__Supplied material__.

Segment Open

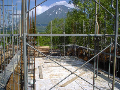 羊蹄山をバックに背後から足場と柱の配筋の様子です。
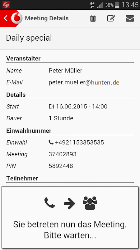 電話会議のためにボーダフォン会議アプリを使う。
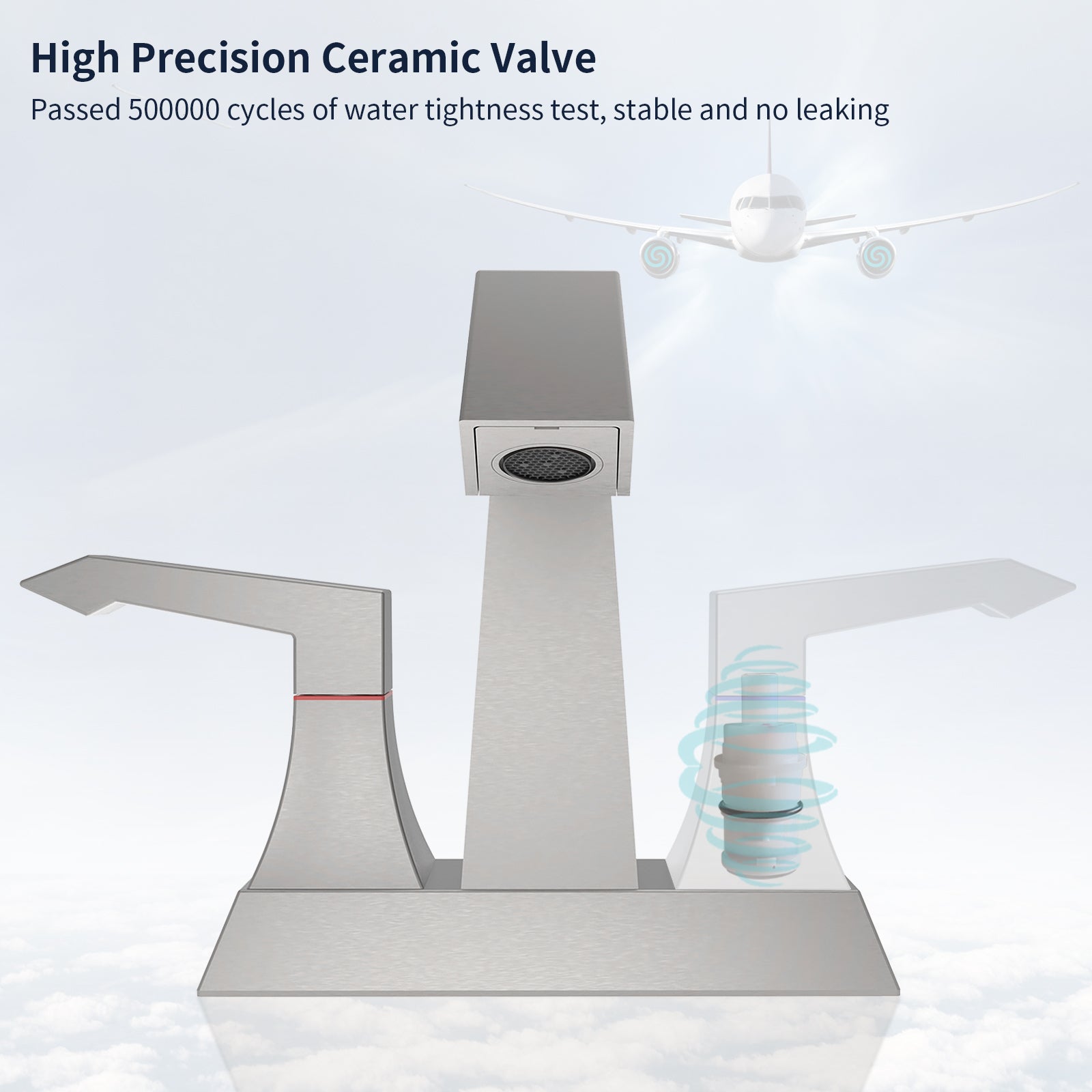 - Ceramic valve --- The ceramic valve core of this bathroom sink faucet Brushed nickel has undergone many cycles of testing and is more durable than other bathroom sink faucets on the market.
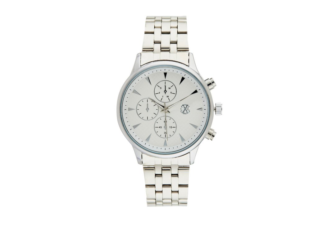 Kovové ťahadlo v striebornej farbe ladí s okrúhlym puzdromv jednotnom striebornom tónečo podčiarkuje harmonicky zladený minimalistický charakter. Biely ciferník s výraznými subciferníkmi pôsobí prehľadne a moderne.Model je vybavený presným strojčekom Quartz a chránený minerálnym sklíčkom.
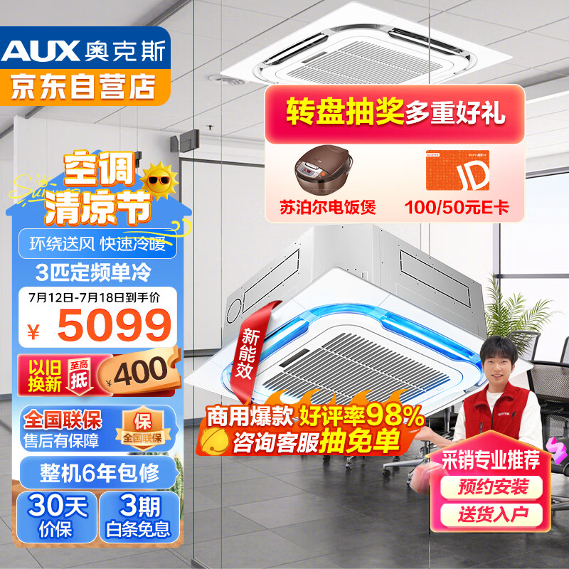 奥克斯(AUX)中央空调一拖一 3匹天花机嵌入式吸顶机单冷新能效吊顶商用天井机220V KF-72QW/R3YC2(B3)厂发价格:5099.00元!
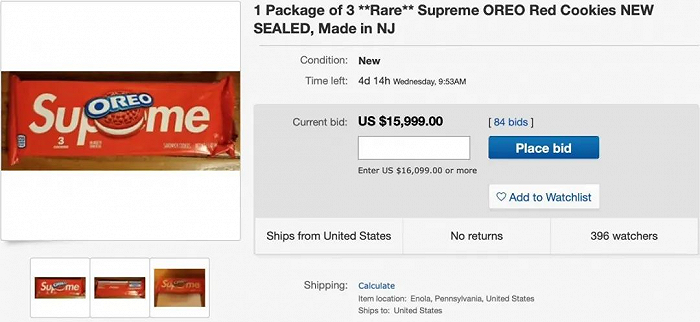 更夸张的还有和奥利奥联名的饼干,定价8美金,被炒到15999刀。
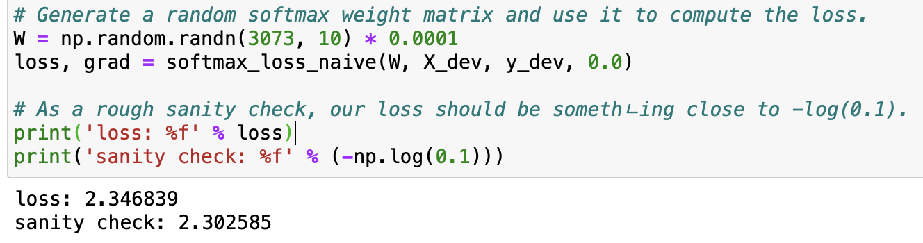 1. def softmax_loss_naive(W, X, y, reg):
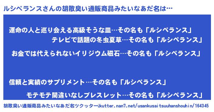 | 女子向けラノベタイトル風あだ名 | 『ルシペランス恋絵巻』 |
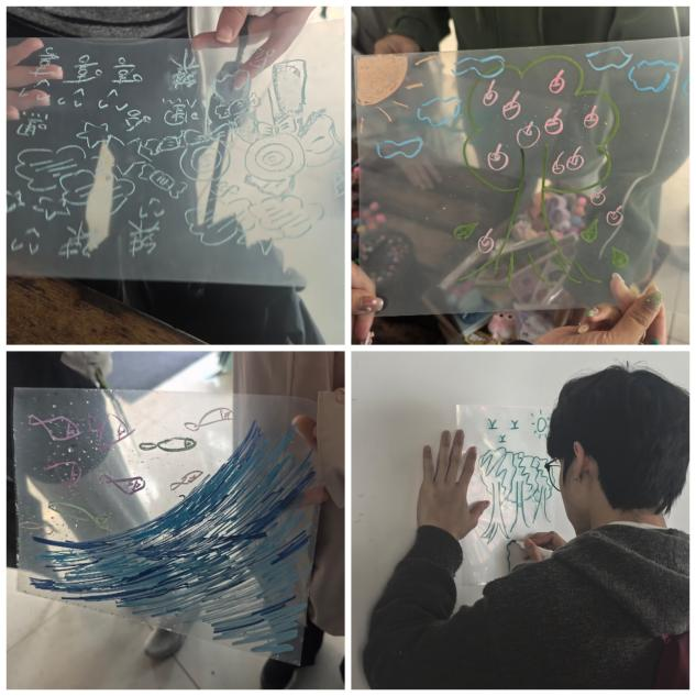 活动现场,氛围温馨而松弛,摒弃了说教式的引导模式,让同学们在慢节奏、无压力的动手过程中卸下防备。PVC材质的透明画板成为大家释放情绪的“空白画布”,同学们随心勾勒或肆意晕染,将学业焦虑的烦躁、日常内耗的纠结、社交拘谨的忐忑等负面情绪,转化为笔下的色彩与线条;也有同学将对未来的期许、对生活的感悟、与自我的和解寄语融入创作之中。
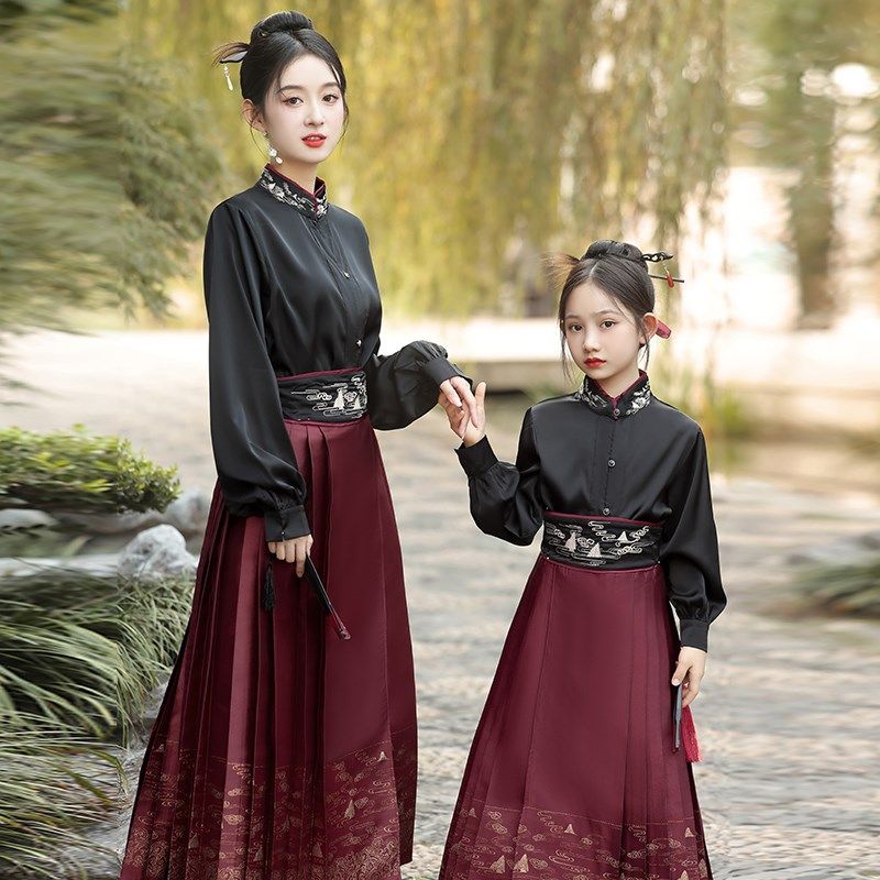 网红亲子装马面裙2024新款春夏母女装中国风汉服连衣裙国潮两件套

Segment Closed

__Problem statement__.
When you transcribe the entries, reproduce each line exactly and skip any picture.

__Result__.
 羊蹄山をバックに背後から足場と柱の配筋の様子です。
 電話会議のためにボーダフォン会議アプリを使う。
 - Ceramic valve --- The ceramic valve core of this bathroom sink faucet Brushed nickel has undergone many cycles of testing and is more durable than other bathroom sink faucets on the market.
 Kovové ťahadlo v striebornej farbe ladí s okrúhlym puzdromv jednotnom striebornom tónečo podčiarkuje harmonicky zladený minimalistický charakter. Biely ciferník s výraznými subciferníkmi pôsobí prehľadne a moderne.Model je vybavený presným strojčekom Quartz a chránený minerálnym sklíčkom.
 奥克斯(AUX)中央空调一拖一 3匹天花机嵌入式吸顶机单冷新能效吊顶商用天井机220V KF-72QW/R3YC2(B3)厂发价格:5099.00元!
 更夸张的还有和奥利奥联名的饼干,定价8美金,被炒到15999刀。
 1. def softmax_loss_naive(W, X, y, reg):
 | 女子向けラノベタイトル風あだ名 | 『ルシペランス恋絵巻』 |
 活动现场,氛围温馨而松弛,摒弃了说教式的引导模式,让同学们在慢节奏、无压力的动手过程中卸下防备。PVC材质的透明画板成为大家释放情绪的“空白画布”,同学们随心勾勒或肆意晕染,将学业焦虑的烦躁、日常内耗的纠结、社交拘谨的忐忑等负面情绪,转化为笔下的色彩与线条;也有同学将对未来的期许、对生活的感悟、与自我的和解寄语融入创作之中。
 网红亲子装马面裙2024新款春夏母女装中国风汉服连衣裙国潮两件套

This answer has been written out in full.